We are running short on time. I will allow brief questions from Deputies Ó Cuív and Wallace.

Does the Minister not agree that, no matter how one dresses it up, his proposing a policy, asking for applications and then judging them does not create confidence in the process? We in politics must consider all of the processes that we operate if we are to ensure public confidence in same. Does the Minister not agree it would be much more satisfactory if decision making on individual licence applications was independent of the policy maker, namely, the Minister?

The Minister is familiar with an issue that I have raised with him previously concerning a request from Special Bannow Bay Shellfish Limited, which applied in 2010 for a licence in respect of new sites for oysters at Bannow Bay and Woodstown. It is still waiting on an appropriate assessment, as per the regulation. This is difficult to credit three years later. All of the oysters are exported and there is a serious problem with youth unemployment in the area, which this initiative would alleviate in some small way. The company has been informed that places in Donegal and Dungarvan have jumped the queue for assessment. It seems to believe that it is not big enough or good enough. Some people might argue that the Minister has been better for the big farmer than the small farmer. They wonder whether he is also better for the big fishers than he is for the smaller fishers.

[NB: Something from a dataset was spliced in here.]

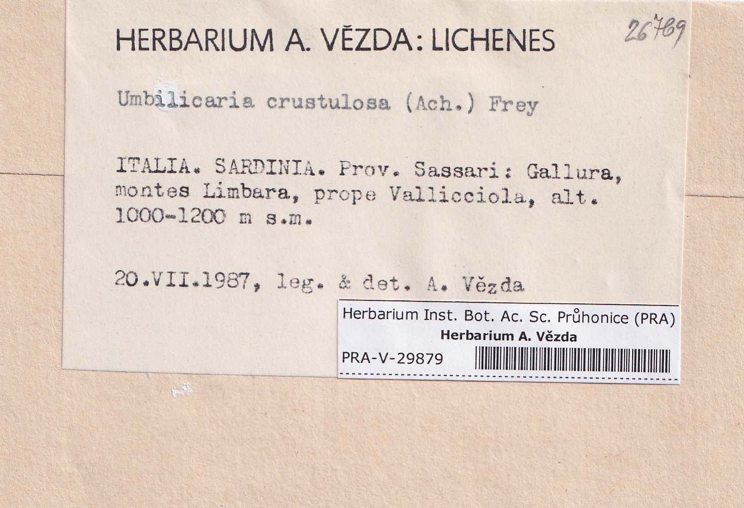 - Deposited in parcel no. 86 Umbilicaria A-H

I must call the Minister to conclude.

This company has not been treated well. It asked the Minister for a meeting last December. He is a busy man, but it would be great if he could meet the company.

The Deputy is raising a different issue.

A totally different issue. Following a request, I spoke to the individual concerned on the farm in question. That was unusual, but I wanted to understand his concerns. Just like small and large farms, we are trying to allow small and large companies to grow.

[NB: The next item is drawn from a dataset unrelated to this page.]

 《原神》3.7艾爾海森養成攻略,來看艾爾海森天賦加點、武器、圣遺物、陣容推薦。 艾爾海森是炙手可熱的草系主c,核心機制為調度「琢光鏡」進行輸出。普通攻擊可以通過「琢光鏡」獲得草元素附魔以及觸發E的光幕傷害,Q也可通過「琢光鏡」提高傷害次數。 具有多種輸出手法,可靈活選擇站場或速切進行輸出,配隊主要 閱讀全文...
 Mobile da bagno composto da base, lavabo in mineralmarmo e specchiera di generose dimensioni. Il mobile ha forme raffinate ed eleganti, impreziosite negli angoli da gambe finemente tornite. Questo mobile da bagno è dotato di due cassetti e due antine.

The Minister was supposed to get back to him but did not.

Let me answer the question that the Deputy asked. A process is required. Unfortunately, previous governments did not put in place a proper and robust aquaculture licensing system. The Commission took Ireland to court on this matter and won. We are required to put in place a gold-plated system that we should have implemented many years ago but did not. A part of the process involves an assessment all of Natura and special area of conservation, SAC, sites, amounting to every harbour on our coastline with one or two exceptions. We have fast-tracked the process and I have made decisions on more than 100 aquaculture licensing applications. However, I can only do this as the bays get assessed. The bay in question has not been assessed yet, but we will get to it as quickly as possible.

Regarding Deputy Ó Cuív's commentary on the independence of my Department in terms of aquaculture licence applications, we have put in place a template that ensures that people applying for fish farm or aquaculture licences know by what they must abide. We simply determine whether they meet the requirements. To make the case that, given my advocacy of growth in the aquaculture sector, I am not balanced when making licensing decisions is nonsense. We have just discussed-----

I never said that.

It is the first time that there has been transparency in that Department.

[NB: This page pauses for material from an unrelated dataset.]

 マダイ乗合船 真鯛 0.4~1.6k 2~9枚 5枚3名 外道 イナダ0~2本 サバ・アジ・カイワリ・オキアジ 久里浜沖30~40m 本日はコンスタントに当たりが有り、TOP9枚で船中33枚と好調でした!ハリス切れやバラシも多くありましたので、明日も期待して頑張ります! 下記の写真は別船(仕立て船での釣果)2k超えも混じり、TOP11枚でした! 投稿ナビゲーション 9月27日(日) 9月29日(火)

Let me answer the question.


Deputy Ó Cuív knows what went on in that Department for years.

If Deputy Ó Cuív's rationale-----


There was no transparency at all. Deputy Ó Cuív knows well what went on in that Department.

Please, the Minister has the floor.

I said that it did not look good.

As in many cases, we are cleaning up the poor governance of the past. This is the truth. If we were to work by the Deputy's rationale in respect of, for example, live cattle exports, the development of which I have been trying to assist, we would not be able to license ships in that sector because we would be compromised. One can take the argument to the nth degree.

The regulations and rules are clear. We now have a strict and robust licensing system. I would argue that it is more robust than the systems found anywhere else in Europe. We will apply it to large and small aquaculture licence proposals. The process will take its course and an independent decision will be made on that basis.